During 1987 I and the family made a visit to the Women’s monument in Bloemfontein. The purpose of the monument was to commemorate the deaths of thousands of women and children during the Anglo Boer War. The monument took up a large area of the grounds and we spent a rather tedious hour walking from point to point. Adjacent to the women’s monument the ABB museum was located.
The usual war paraphnalia was exhibited and I left the wife and kids to sort themselves out while I took it easy on a chair.

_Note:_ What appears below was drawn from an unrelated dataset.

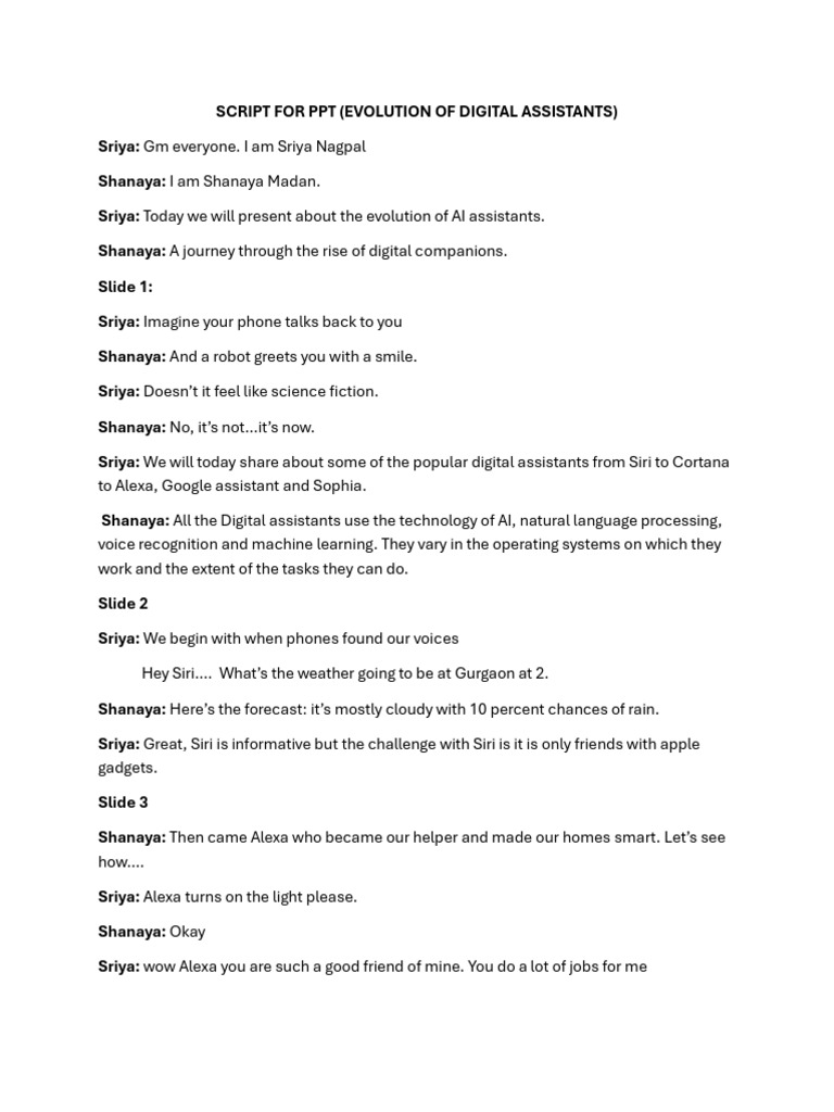 SCRIPT FOR PPT (EVOLUTION OF DIGITAL ASSISTANTS)

Later I heard my daughter calling me and very irate too. She showed me an exhibition of clothing for children that lived during the war. Some of the clothing had marks and colouring to make them appear as blood marks. Food tins were paraded as that supplied by the British army to the concentration camps. Nearby was a small heap of triangular bits of metal plating. These triangles were supposed to have been placed in the tins of food and thus poisoned those who ate the contents.
For years after, this particular exhibition bothered me because something seemed awry. The average canned food tin is about 100mm high and about 70mm in diameter and will give a plate a circumference of about 220 mm. In the process the plate is flat and then the triangles are stamped off and the plate rolled up and the open end triangles are now interlocked and the seam is then automatically soldered and the base fitted. I worked for a company that produced tins for fish but: The seam system was abandoned and a full length seam was resorted too.
The food was produced and processed in the UK and it was spread over the entire country and hence highly unlikely that a certain batch would be sent to South Africa and so to concentration camps. Civilians and army staff were getting the same rations.